* What to do *
Return every line of the data below exactly, but do not include the images.
^^^^^^^^
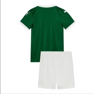 Kit infantil do Palmeiras para a temporada 25/26, nas cores verde e branco. - Camisa com gola V e detalhes em branco. - Shorts com escudo do time e logo da Puma.
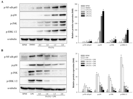 A radio-immunoprecipitation assay buffer (Tech & Innovation, Zhangjiakou, China), with a 0.5 mM EDTA solution and 0.1% protease and phosphatase inhibitor cocktails (Thermo Fisher Scientific, Waltham, MA, USA), was used to separate the protein from treated FA cells. Pierce™ BCA protein analysis (Thermo Fisher Scientific, Waltham, MA, USA) was used to measure the isolated proteins. SDS-polyacrylamide gel was employed to separate the same amount of proteins (30 µg), which were then transferred to polyvinylidene fluoride membranes (Merck, Kenilworth, NJ, USA) in each treatment. The membrane was blocked with 5% skim milk in TBST buffer (1 × Tris-buffer saline (TBS) and 0.1% Tween 20) for 1 h. Based on the previous reports [33], protein levels were estimated using Western blot analysis. Initially, incubation with primary antibodies against phospho-p44/42 MAPK (Erk1/2) (Thr202/Tyr204) (dilution 1:2000; #9101; Cell Signaling Technology, Danvers, MA, USA), phospho-SAPK/JNK (Thr183/Tyr185) (dilution 1:2000; #9251; Cell Signaling Technology, Danvers, MA, USA), phospho-p38 MAPK (Thr180/Tyr182) (dilution 1:2000; #9211; Cell Signaling Technology, Danvers, MA, USA), phospho-NF-κB p65 (Ser536) (dilution 1:2000; #3033; Cell Signaling Technology, Danvers, MA, USA), and α-tubulin (dilution 1:2000; ab15246; Abcam, Cambridge, UK) was performed on the membrane overnight at 4 °C. Following that, a secondary antibody, goat anti-rabbit IgG (H+L)-horseradish peroxidase (HRP) (dilution 1:2000; SA006-500; GenDEPOT, Katy, TX, USA), was then incubated on the membrane for 1 h at room temperature. Pierce® ECL Plus Western Blotting Substrate (Thermo Scientific, Waltham, MA, USA) and ImageLab software (version 4.1, Bio-Rad, Hercules, CA, USA)) were used to identify the protein signal.
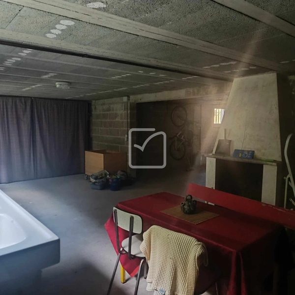 Un grand garage ouvert sur une grande pièce avec une cheminée , pouvant acceuillir vos soirées barbecue entre amis
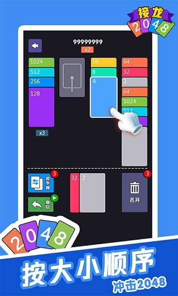 接龙2048游戏和空当接龙玩法类似的2048手游,通过把纸牌来进行有序合并从而完成闯关,简单的点击操作就能快速参与其中,游戏具有一定的挑战性,适合用来打发时间、娱乐消遣,感兴趣的朋友不要错过啦!
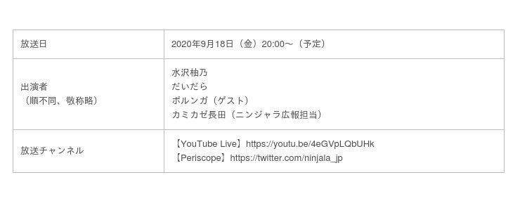 視聴者参加型コミュニティ番組「ニンジャラTV」の次回放送日が2020年9月18日(金)に決定いたしました。
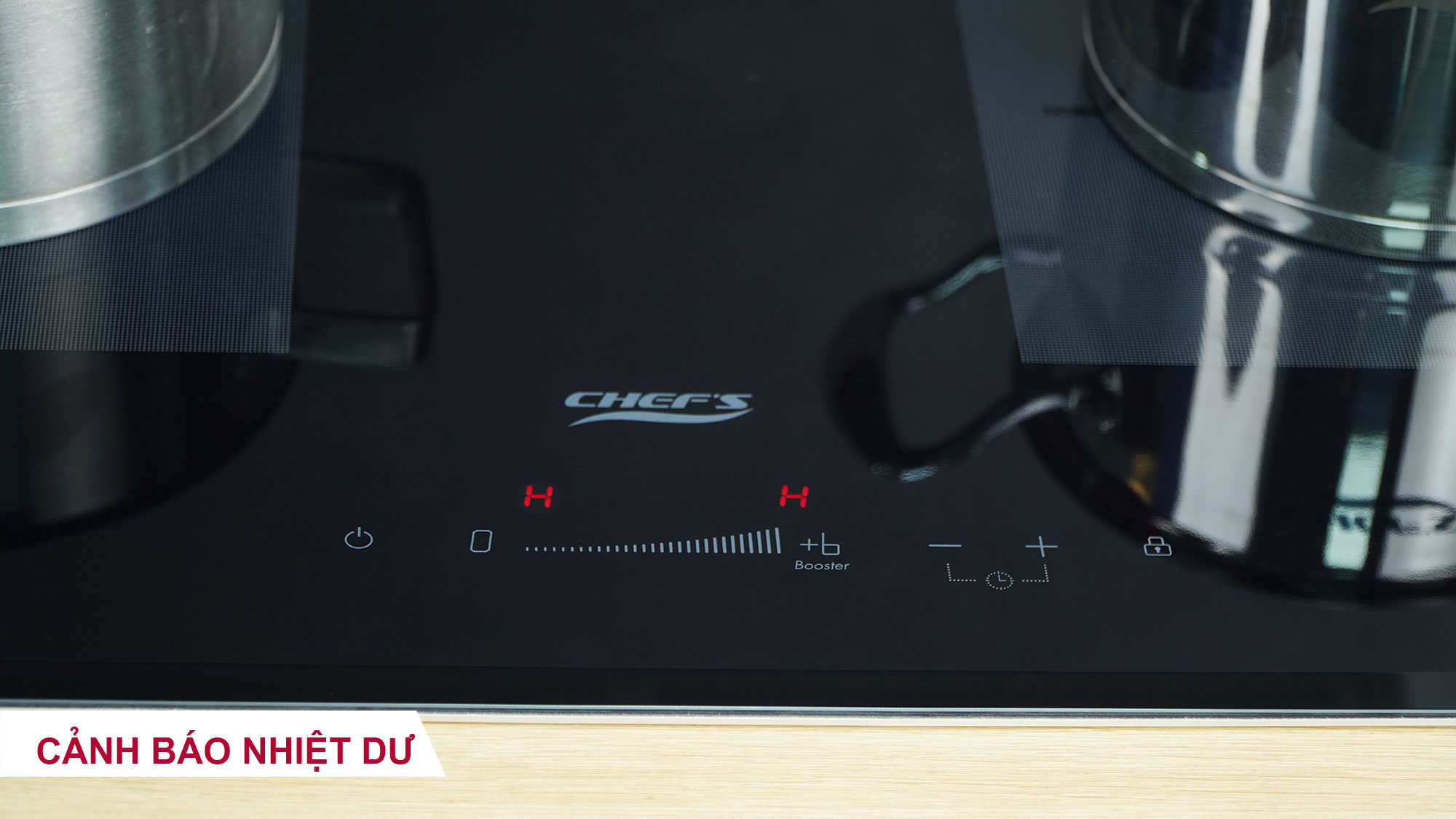 Cảnh báo nhiệt dư: Sau khi sử dụng, nếu vùng nấu mặt bếp còn nóng, màn hình LED sẽ hiển thị chữ H để cảnh báo để người dùng không chạm tay vào mặt bếp gây bỏng. Khi nhiệt độ mặt bếp giảm xuống mức an toàn, đèn báo chữ H sẽ tự động tắt.
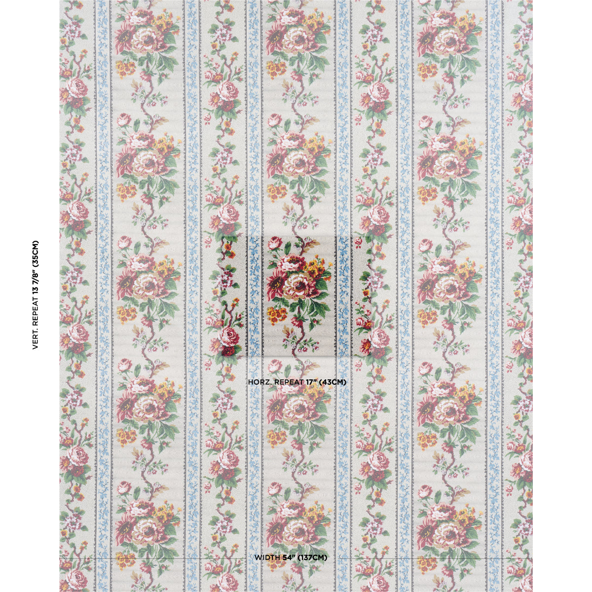 | /Created in collaboration with Rita Konig, Elizabeth Chintz is a romantic floral stripe based on a turn-of-the-20th-century French textile. Beautifu...
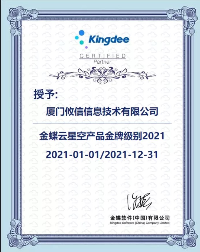 發(fā)證機構:   金蝶(軟件)中國有限公司 發(fā)證時間 :   2021-01-01
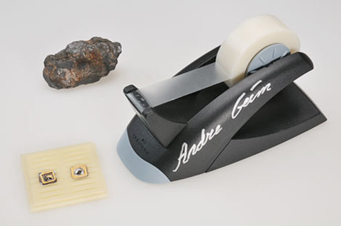 15 (of 20) Graphite, tape roll and graphene transistor. The items were donated to the Nobel Museum by Andre Geim and Konstantin Novoselov in 2010.
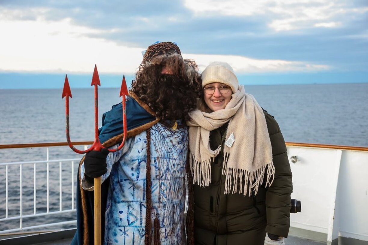 Uschléissend war eng Zeremonie, wou den Neptun koum a jiddereen mat Äiswaasser gedeeft huet.
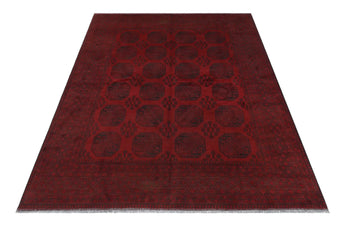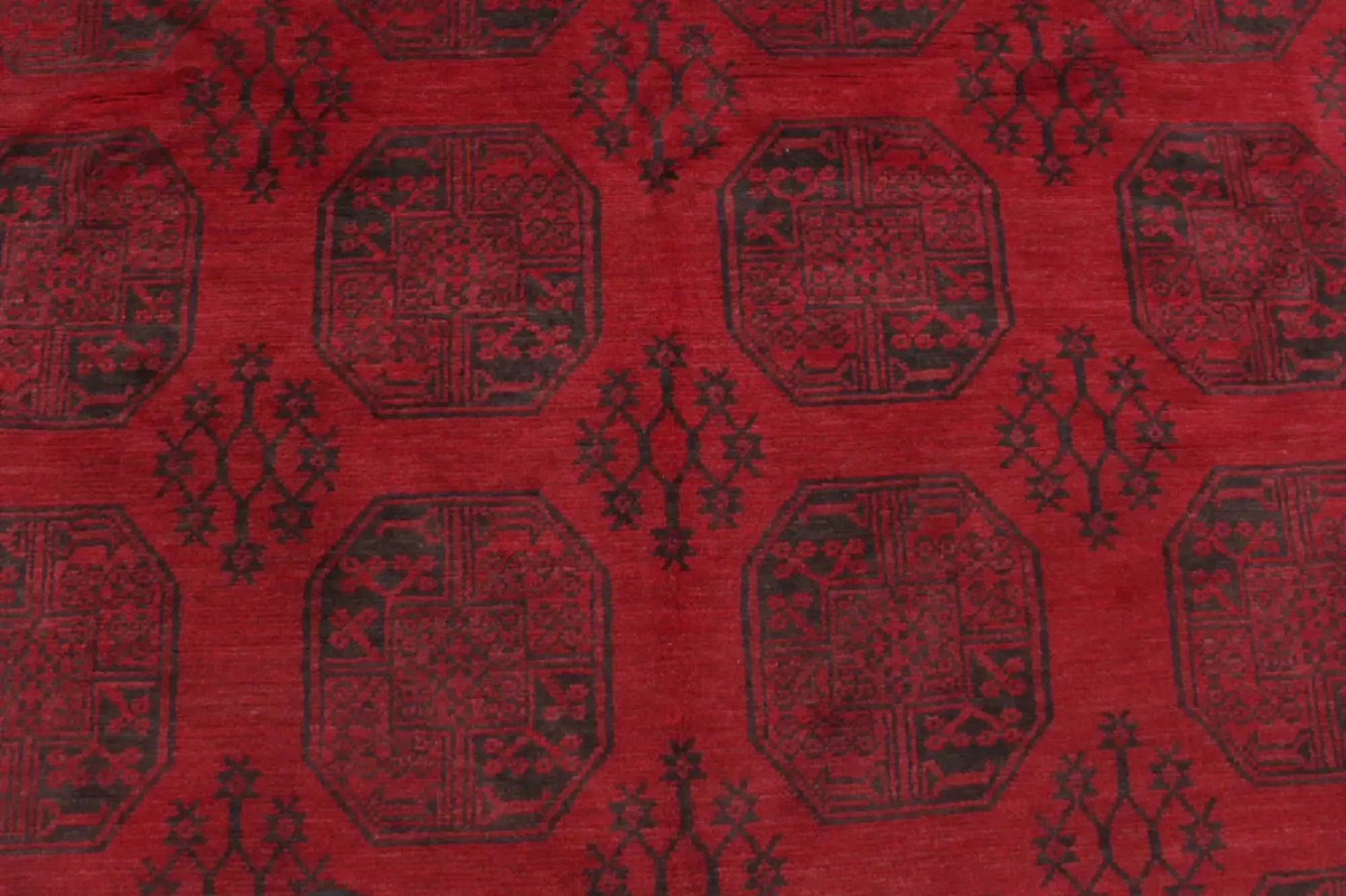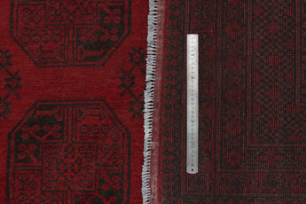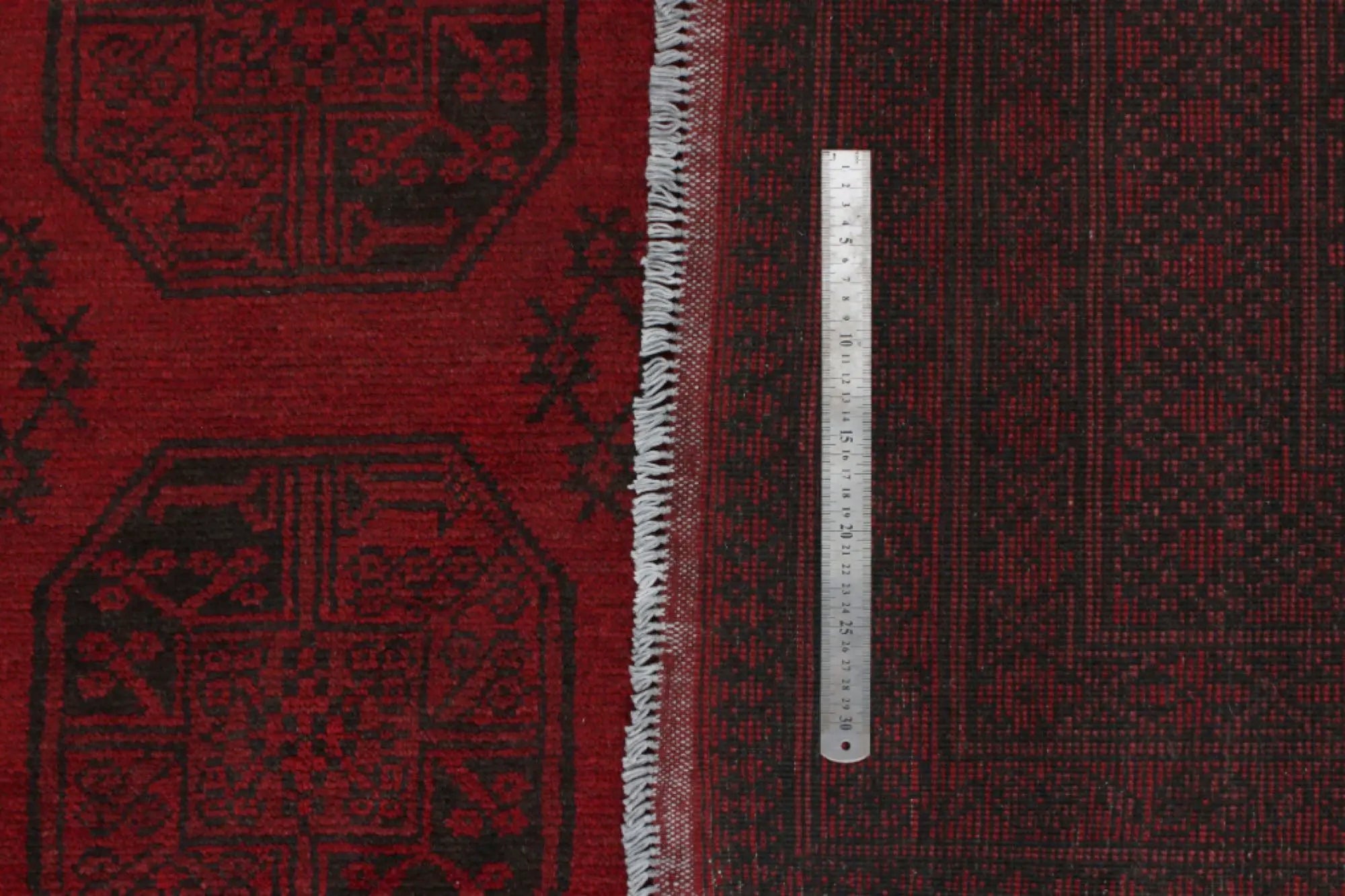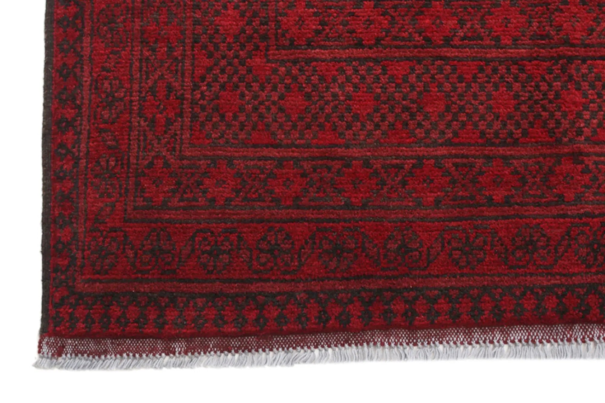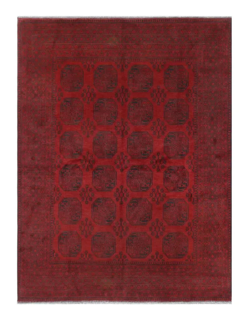 Discover this exquisite hand-knotted Akche rug from Afghanistan, crafted in rich, deep red and black tones that bring warmth and elegance to any interior. Made from 100% pure wool, including the fringes, it contains no synthetic materials, giving it a naturally soft, durable, and authentic feel. The traditional “elephant foot” motif, characteristic of Akche rugs, adds a timeless and culturally rich expression. A perfect choice for anyone seeking a rug that unites craftsmanship, character, and classic oriental beauty.
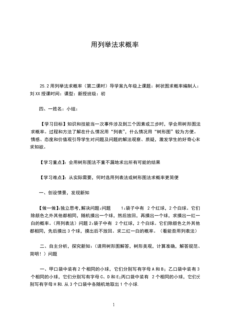 25.2用列举法求概率(第二课时)导学案九年级上课题:树状图求概率编制人:刘XX授课时间:课型:新授班级:初
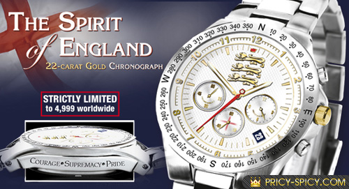 Гравированные с использованием 22-каратного золота, часы Spirit of England Chronograph прославляют все выдающиеся победы Англии и ее народа - победа на чемпионате мира по футболу в 1966 году, многочисленные олимпийские триумфы, другие крупные победы и достижения. Надев такие часы ты говоришь всему миру: "Я горд тем, что живу в Англии, я горд быть гражданином этой великой страны!".
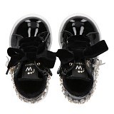 - 🎀 Дизайн: черная кожа, бусины, банты, белая подошва
^^^^^^^^
* Final answer *
 Kit infantil do Palmeiras para a temporada 25/26, nas cores verde e branco. - Camisa com gola V e detalhes em branco. - Shorts com escudo do time e logo da Puma.
 A radio-immunoprecipitation assay buffer (Tech & Innovation, Zhangjiakou, China), with a 0.5 mM EDTA solution and 0.1% protease and phosphatase inhibitor cocktails (Thermo Fisher Scientific, Waltham, MA, USA), was used to separate the protein from treated FA cells. Pierce™ BCA protein analysis (Thermo Fisher Scientific, Waltham, MA, USA) was used to measure the isolated proteins. SDS-polyacrylamide gel was employed to separate the same amount of proteins (30 µg), which were then transferred to polyvinylidene fluoride membranes (Merck, Kenilworth, NJ, USA) in each treatment. The membrane was blocked with 5% skim milk in TBST buffer (1 × Tris-buffer saline (TBS) and 0.1% Tween 20) for 1 h. Based on the previous reports [33], protein levels were estimated using Western blot analysis. Initially, incubation with primary antibodies against phospho-p44/42 MAPK (Erk1/2) (Thr202/Tyr204) (dilution 1:2000; #9101; Cell Signaling Technology, Danvers, MA, USA), phospho-SAPK/JNK (Thr183/Tyr185) (dilution 1:2000; #9251; Cell Signaling Technology, Danvers, MA, USA), phospho-p38 MAPK (Thr180/Tyr182) (dilution 1:2000; #9211; Cell Signaling Technology, Danvers, MA, USA), phospho-NF-κB p65 (Ser536) (dilution 1:2000; #3033; Cell Signaling Technology, Danvers, MA, USA), and α-tubulin (dilution 1:2000; ab15246; Abcam, Cambridge, UK) was performed on the membrane overnight at 4 °C. Following that, a secondary antibody, goat anti-rabbit IgG (H+L)-horseradish peroxidase (HRP) (dilution 1:2000; SA006-500; GenDEPOT, Katy, TX, USA), was then incubated on the membrane for 1 h at room temperature. Pierce® ECL Plus Western Blotting Substrate (Thermo Scientific, Waltham, MA, USA) and ImageLab software (version 4.1, Bio-Rad, Hercules, CA, USA)) were used to identify the protein signal.
 Un grand garage ouvert sur une grande pièce avec une cheminée , pouvant acceuillir vos soirées barbecue entre amis
 接龙2048游戏和空当接龙玩法类似的2048手游,通过把纸牌来进行有序合并从而完成闯关,简单的点击操作就能快速参与其中,游戏具有一定的挑战性,适合用来打发时间、娱乐消遣,感兴趣的朋友不要错过啦!
 視聴者参加型コミュニティ番組「ニンジャラTV」の次回放送日が2020年9月18日(金)に決定いたしました。
 Cảnh báo nhiệt dư: Sau khi sử dụng, nếu vùng nấu mặt bếp còn nóng, màn hình LED sẽ hiển thị chữ H để cảnh báo để người dùng không chạm tay vào mặt bếp gây bỏng. Khi nhiệt độ mặt bếp giảm xuống mức an toàn, đèn báo chữ H sẽ tự động tắt.
 | /Created in collaboration with Rita Konig, Elizabeth Chintz is a romantic floral stripe based on a turn-of-the-20th-century French textile. Beautifu...
 發(fā)證機構:   金蝶(軟件)中國有限公司 發(fā)證時間 :   2021-01-01
 15 (of 20) Graphite, tape roll and graphene transistor. The items were donated to the Nobel Museum by Andre Geim and Konstantin Novoselov in 2010.
 Uschléissend war eng Zeremonie, wou den Neptun koum a jiddereen mat Äiswaasser gedeeft huet.
 Discover this exquisite hand-knotted Akche rug from Afghanistan, crafted in rich, deep red and black tones that bring warmth and elegance to any interior. Made from 100% pure wool, including the fringes, it contains no synthetic materials, giving it a naturally soft, durable, and authentic feel. The traditional “elephant foot” motif, characteristic of Akche rugs, adds a timeless and culturally rich expression. A perfect choice for anyone seeking a rug that unites craftsmanship, character, and classic oriental beauty.
 25.2用列举法求概率(第二课时)导学案九年级上课题:树状图求概率编制人:刘XX授课时间:课型:新授班级:初
 Гравированные с использованием 22-каратного золота, часы Spirit of England Chronograph прославляют все выдающиеся победы Англии и ее народа - победа на чемпионате мира по футболу в 1966 году, многочисленные олимпийские триумфы, другие крупные победы и достижения. Надев такие часы ты говоришь всему миру: "Я горд тем, что живу в Англии, я горд быть гражданином этой великой страны!".
 - 🎀 Дизайн: черная кожа, бусины, банты, белая подошва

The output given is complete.